“Sto ancora male e soffro nel dover stare lontana dai miei figli. Voglio la verità, ma non mi pento, l’unica arma contro il virus è il vaccino”.
Ha la voce debole segnata a tratti dalla sofferenza, Clara Occhinegro, l’insegnante 46enne leccese, ricoverata dallo scorso 9 marzo nel reparto di rianimazione dell’ospedale “Vito Fazzi” di Lecce, dopo aver ricevuto la somministrazione del vaccino anticovid “AstraZeneca”, che faceva parte del lotto ABV2856, poi sequestrato. Nelle sue parole, interrotte dalle lacrime e dell’emozione per aver sentito al telefono poco prima i figli di 10 e 15 anni, il calvario iniziato lo scorso 25 febbraio.
Professoressa come sta?
“Mi ritrovo in un letto d’ospedale, fortemente spossata, con difficoltà nel deglutire e non riesco a camminare. I dolori agli arti soprattutto nei primi giorni sono stati forti e sino a ieri mi è stata somministrata la morfina. E’ dura, mi è stata diagnostica la sindrome di Guillain-Barré, che si ritiene dovuta alla reazione immunitaria eccessiva a causa pare della inoculazione di una fiala del vaccino anti-Covid”.
Un calvario durato 12 giorni prima del ricovero in ospedale.
“Si, ho fatto il vaccino lo scorso 25 febbraio e sfortunatamente mi hanno somministrato una dose del lotto AstraZeneca che è stato poi ritirato. I primi giorni ho avuto i sintomi classici: spossatezza e febbre. Credevo di smaltirli in breve come tanti miei colleghi. Poi però è arrivato il mal di testa, di cui non avevo mai sofferto prima. Gradualmente i problemi sono aumentati, è iniziato il formicolio alle mani, seguito da crampi e un generale torpore agli arti. Al dodicesimo giorno sono arrivati dei dolori forti alle gambe e a tutto il corpo. Non riuscivo più a dormire, nessuna posizione mi faceva stare bene. Soprattutto non riuscivo a stare in piedi. Quindi la decisione del ricovero in ospedale. I dolori aumentavano giorno per giorno, sino a quando mio marito che è un medico, preoccupato dall’aggravarsi delle condizioni di salute ha deciso di portarmi al “Vito Fazzi”, dove sono ricoverata dallo scorso 9 marzo nel reparto di rianimazione, monitorata 24 ore su 24”.
La terapia come procede?
“Le prossime 48 ore saranno importanti. Sono in attesa di ulteriori accertamenti e del nuovo quadro clinico per comprendere se la cura “Ig Vena” stia dando i primi risultati”.

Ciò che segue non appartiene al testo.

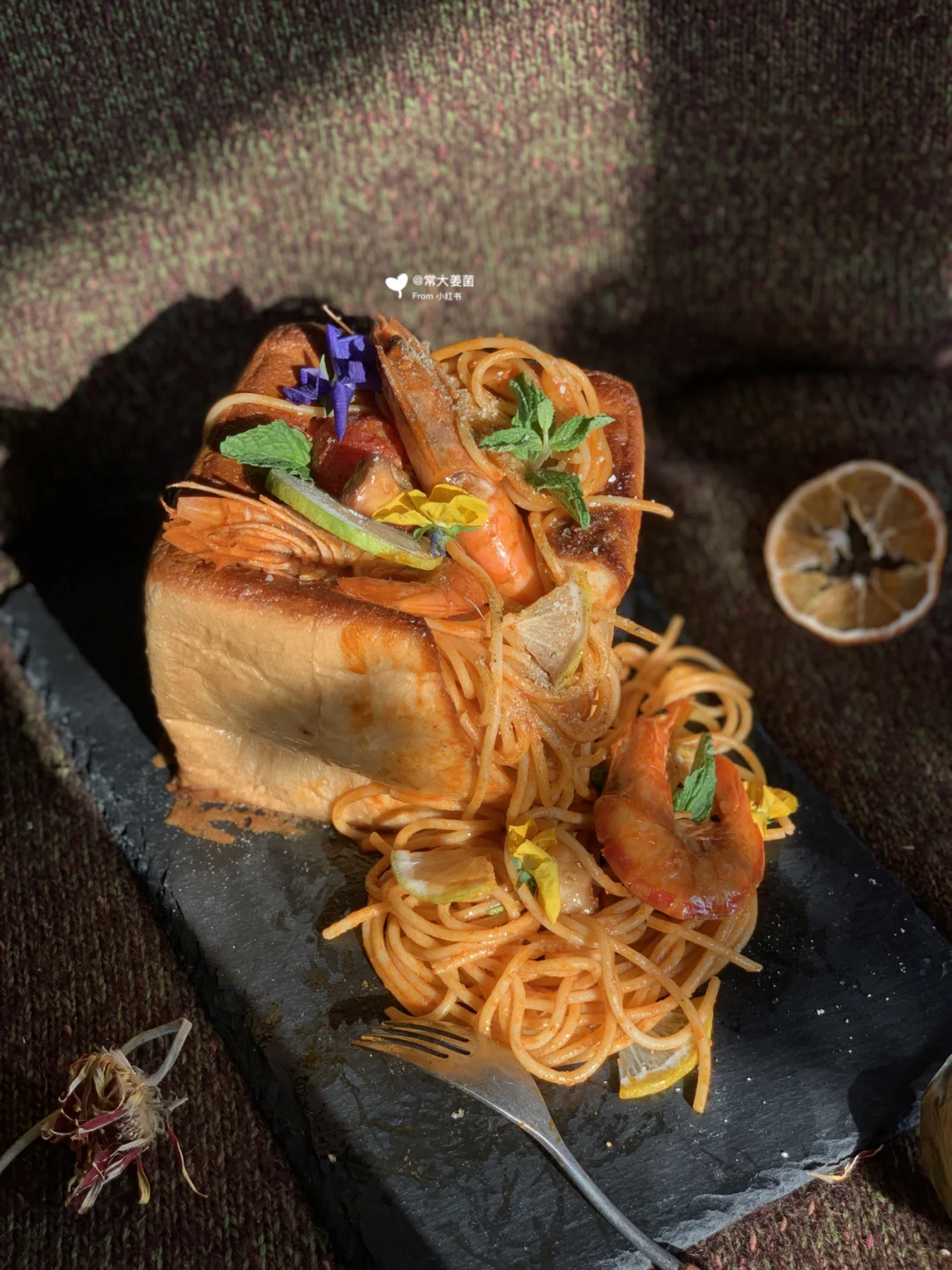 3.将虾➕百里香➕黑胡椒煎熟,下番茄➕一整颗柠檬挤汁,紧接着番茄料包下锅,意面下锅,意面水倒一勺子进去,搅拌均匀,直至收汁完成,装进吐司盒子里装盘(撒料包欧芹乳酪碎和黑胡椒碎)仪式感的一餐就完成喽~
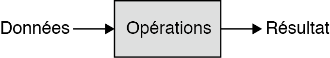 Schéma des ingrédients d’un algorithme. Un algorithme reçoit des données en entrée, qu’il traite selon des opérations dans un ordre précis, dans le but de produire un résultat en sortie. Ce résultat représente la solution à un problème donné.¶

I medici le hanno dato dei tempi di guarigione?
“Non si sbilanciano, non esiste una casistica chiara sul periodo necessario per guarire. Occorre pazienza. Confido nella terapia, poi dovrò fare riabilitazione fisioterapica per riacquisire la piena funzionalità dei nervi periferici colpiti dalla sindrome”.

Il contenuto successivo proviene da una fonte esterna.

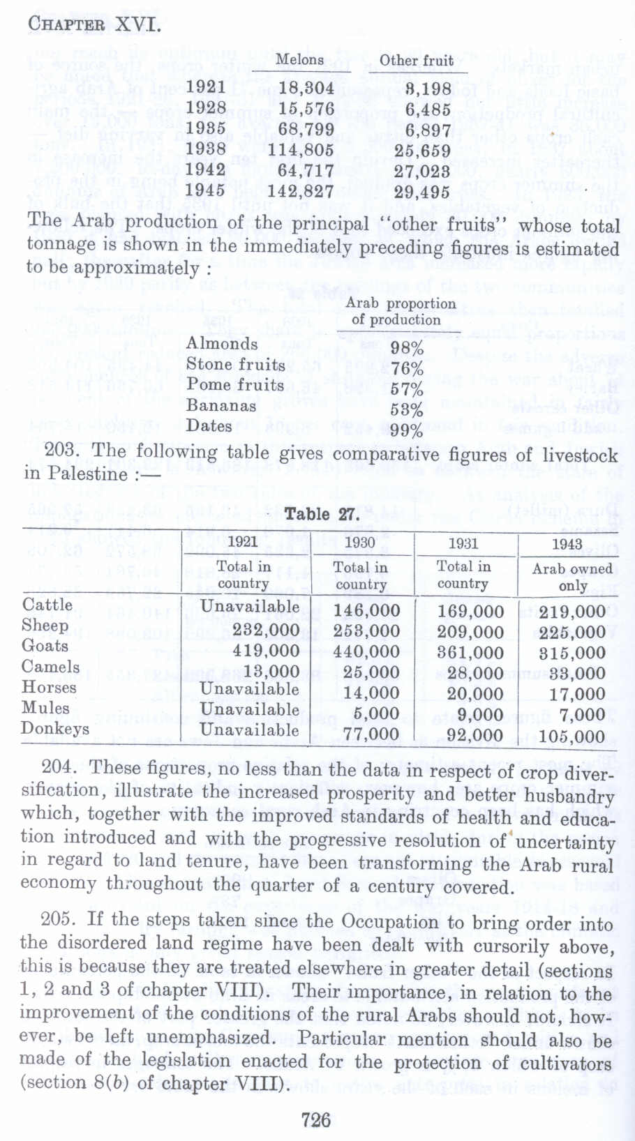 204. These figures, no less than the data in respect of crop diversification, illustrate the increased prosperity and better husbandry which, together with the improved standards of health and education introduced and with the progressive resolution of uncertainty in regard to land tenure, have been transforming the Arab rural economy throughout the quarter of a century covered.
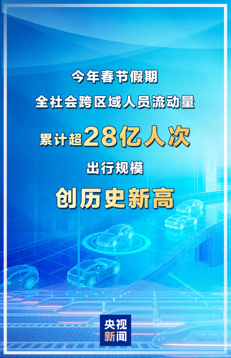 记者从交通运载部了解到,9天春节假期,各人返乡省亲、出门旅游等出行意愿热烈。单日峰值连创历史新高。 交通运载部数据败露,春节假期技能,全社会跨区域东说念主员流动量累计超28亿东说念主次,日均3.11亿东说念主次,同比增长8.2%,出行鸿沟创历史新高。

Una battaglia da affrontare lontana dagli affetti familiari e dai suoi alunni.
“Questo purtroppo è uno degli aspetti più brutti, perché non so quando potrò riabbracciare i miei figli, che riesco a vedere solo attraverso il cellulare, o tornare alla vita di tutti i giorni. Mi manca la quotidianità, il mio lavoro e gli alunni, che stanno facendo di tutto per non farmi sentire sola. Ogni giorno ricevo tantissimi messaggi che mi rincuorano e aiutano a non perdere il sorriso. Devo anche ringraziare la straordinaria disponibilità dei medici e degli operatori della rianimazione e della neurologia, sono i miei angeli custodi”.

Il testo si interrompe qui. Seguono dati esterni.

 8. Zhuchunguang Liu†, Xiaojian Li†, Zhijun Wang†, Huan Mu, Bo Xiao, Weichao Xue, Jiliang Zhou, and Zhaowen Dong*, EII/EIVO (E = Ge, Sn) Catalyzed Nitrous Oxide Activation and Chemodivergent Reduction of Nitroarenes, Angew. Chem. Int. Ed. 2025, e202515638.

In questi giorni ha avuto modo di riflettere sulla situazione? Rifarebbe il vaccino?
“Il mio caso è stato denunciato alle istituzioni e spero si faccia luce a livello scientifico su eventuali complicanze che la vaccinazione anticovid può procurare, affinché nessuno riviva la mia esperienza. Ma nonostante tutto non mi pento, il vaccino è l’unico modo per sconfiggere il virus”.